Overall, the Pull & Grab-based algorithm ranked highest; it explained 72% of the variance in the testing set, despite being calibrated only on the training set. Linear regression ranked second-best; it explained 68% of the variance. Interpolation (with *z *= *1.5*) ranked third; it explained 64% of the variance. The Garki model explained 58% of the variance. The results are plotted in Figure 4, summarized in Table 1, and discussed in detail in the following sections. Because the algorithm based on Pull & Grab ranked highest, and because it was never fitted to the testing set, the issue of parsimony was not relevant. Had the algorithm based on linear regression ranked highest, the issue of parsimony would have been an important concern.

By itself, PR_{2 }explained only 5% of the variance in PR_{1 }(i.e. r^{2 }= 0.05). Linear regression using the formula PR_{1 }= a + b PR_{2 }improved the r^{2 }to 26%. Linear regression with the formula PR_{1 }= a + b PR_{2 }+ c L_{1 }+ d L_{2 }+ e U_{1 }+ f U_{2 }improved the r^{2 }to 68%, the same as with the slightly non-linear version that always returned a value between 0 and 1. All of the coefficients were statistically significant at the 95% level except for c, the coefficient corresponding to L_{1}.

#### Interpolation

Several different values of *z *were evaluated including *z *= *0.5, 1, 1.5, 2, 3, 4, 6, 10*. Of these values, *z *= *1.5 *minimized the sum of squared errors and explained 65% of the variance.

#### Pull & Grab

The trimmed mean value for *α *corresponded to a decline in PfPR beginning around age 9.5. The trimmed mean value for *s *corresponded to a decline in sensitivity to approximately 36% of P', but the trimmed mean value of *c *was low and implied that PfPR declines slowly, so that the apparent PfPR is not close to 36% of the PfPR in children between two and ten years of age until late in life. There was substantial variability in *b*, but by the trimmed mean, PfPR was within 90% of P' by age two. The parameter names, interpretations, and values are summarized in Table 2. Some of the individual datasets differed from this pattern, but the majority were within this value by age two. The family of curves described by the algorithm is illustrated in Figure 5. This algorithm explained 72% of the variance.

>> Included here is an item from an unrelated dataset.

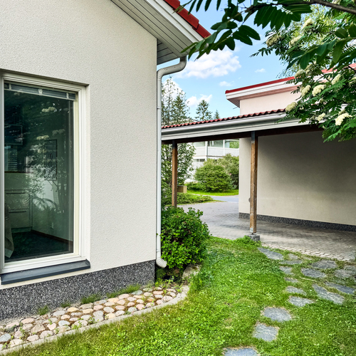 Täällä luonnon helmassa, omalla tontillaan puistoalueen laidalla kohoaa kauniisti kivitalo, joka odottaa juuri sinua. Koti huokuu täydellistä omaa rauhaa ja tilaa sijaiten erinomaisten kulkuyhteyksien päässä kaupungin kaikista palveluista.

The algorithm based on the Garki model [14] and calibrated during the Garki Project [31] was recently used to generate endemicity maps [20]. The algorithm was therefore included as a candidate for comparison; the relationship between age and PR is qualitatively very similar to the modified Pull & Grab model. It was, therefore, used as-is, without further fitting to the training set or the testing set. It explained 58% of the variance, the lowest of the four algorithms considered.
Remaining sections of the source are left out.